It's like throwing a thousand bottles into the ocean and waiting to see who gets your message.

Amazon, eBay, Twitter, blogs, Pinterest, Facebook--they are all tools designed to make it easier to reach more and more people with a variation of faux intimacy. And this broadcast approach means that communication breaks down all the time... we have mass, but we've lost resiliency.

Asynchronous creates two problems when it comes to resiliency. First, it's difficult to move the conversation forward because the initiator can't be sure when to report back in with an update. Second, if some of the data changes in between interactions, it's entirely likely that the conversation will go off the rails. If you send two colleagues a word processed doc and, while you're waiting for a response, the file changes, it's entirely possible that you'll get feedback on the wrong file. Source control for any conversation of more than two people becomes a huge issue.
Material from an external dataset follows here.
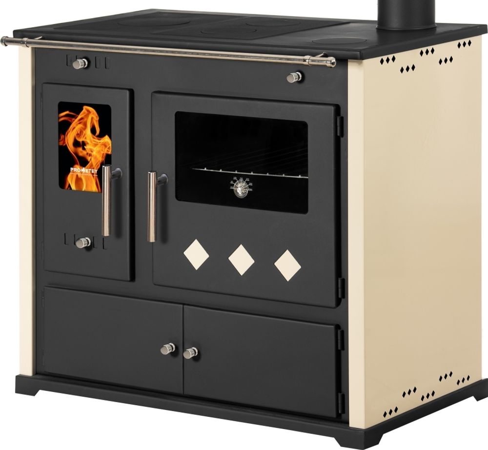 Dieser vielseitige Kaminofen ist ein echter Alleskönner! Der EEK A Viki Schwedenofen mit 10,5 kW heizt Wohnflächen bis 200m² und hat ein integriertes Backfach plus drei Kochplatten. Backe Brot oder koche ohne Strom - komplett autark! Mit Schamottstein ausgekleidete Brennkammer und praktischem Holzablager unter dem Ofen. Das Thermometer am Backofen hilft bei der Temperaturkontrolle. Maße: 87,4cm hoch, 93cm breit, 62,6cm tief. Rauchrohr Ø150mm, Wirkungsgrad 76,6%. Erfüllt die EN 12815 Richtlinien für Deutschland. Inklusive hitzebeständigem Handschuh und Bedienungsanleitung. Mit 122kg ein solides Stück Qualität, das Generationen hält!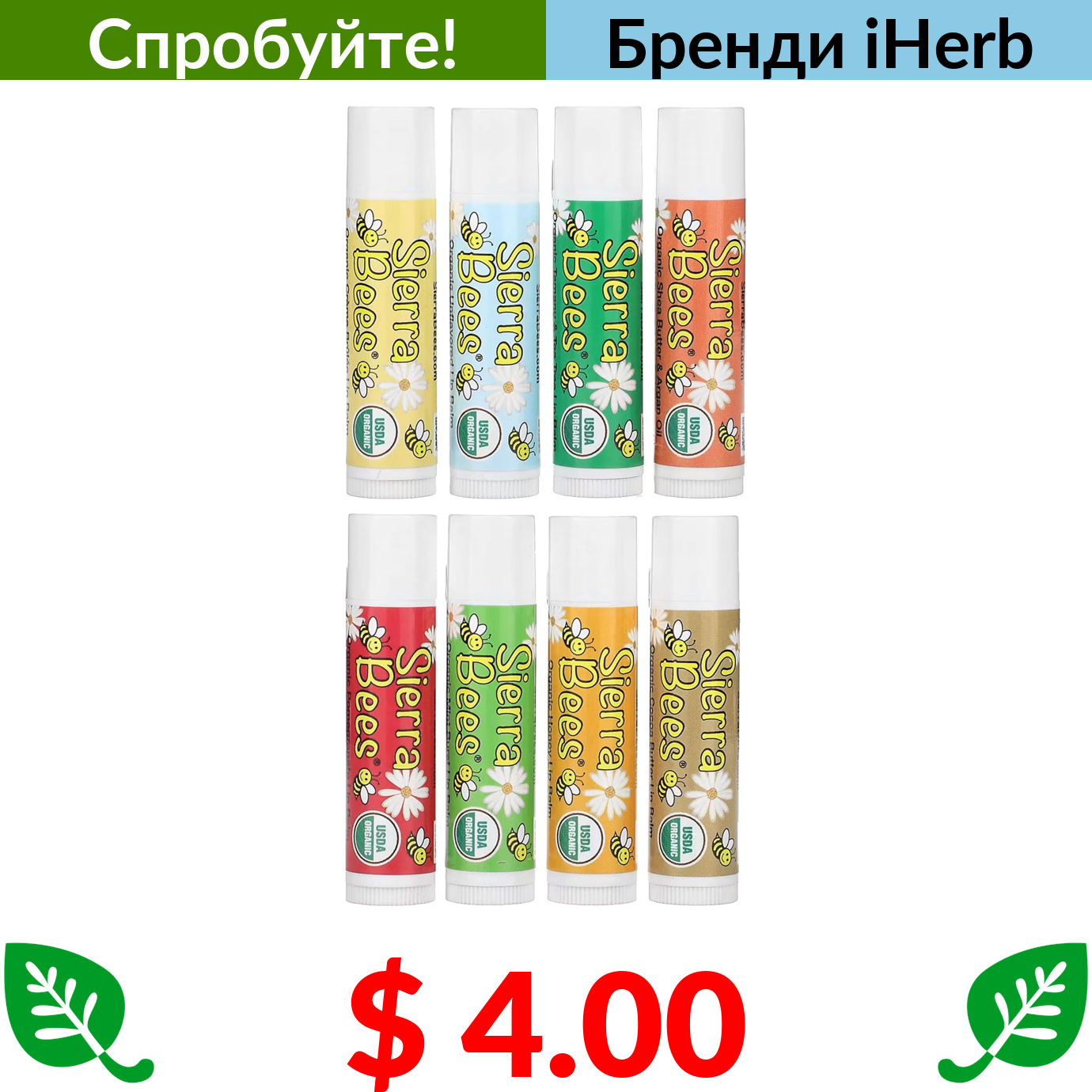$ 4.00 Sierra Bees, набір органічних бальзамів для губ, 8 шт,. по 4,25 г (0,15 унції)

Your boss initiates a digital thread about an upcoming meeting. While two of the people are busy working on the agenda, a third ends up cancelling the meeting, wasting tons of effort because people are out of sync.

But asynchronous communication is also a boon. It means that you don't have to drop everything to get on a call or go to a meeting. Without the ability to spread out our project communication, we'd get a lot less done.

So, here we are in the middle of the communication age, and we're actually creating a system that's less engaging, less resilient to change or dropped signals, and less likely to ensure that small teams are actually contributing efficiently.  The internet funding structure rewards systems that get big, not always systems that work very well.

A simple trade-off has to be made: You can't simultaneously have a wide, open system for communication and also have tight connections and resilience. Open and wide might work great for promoting your restaurant on Twitter, but it's no way to ensure tight collaboration among the three or four investors who need to coordinate your new menu. 

As digital teamwork gets more important, then, team leaders are going to have to figure out how to build resiliency into the way they work. That might include something as simple as affirmative checkins, or more technical solutions to be sure everyone is in sync and also being heard. Someone sitting on a conference call and doing nothing but pretending to listen benefits no one.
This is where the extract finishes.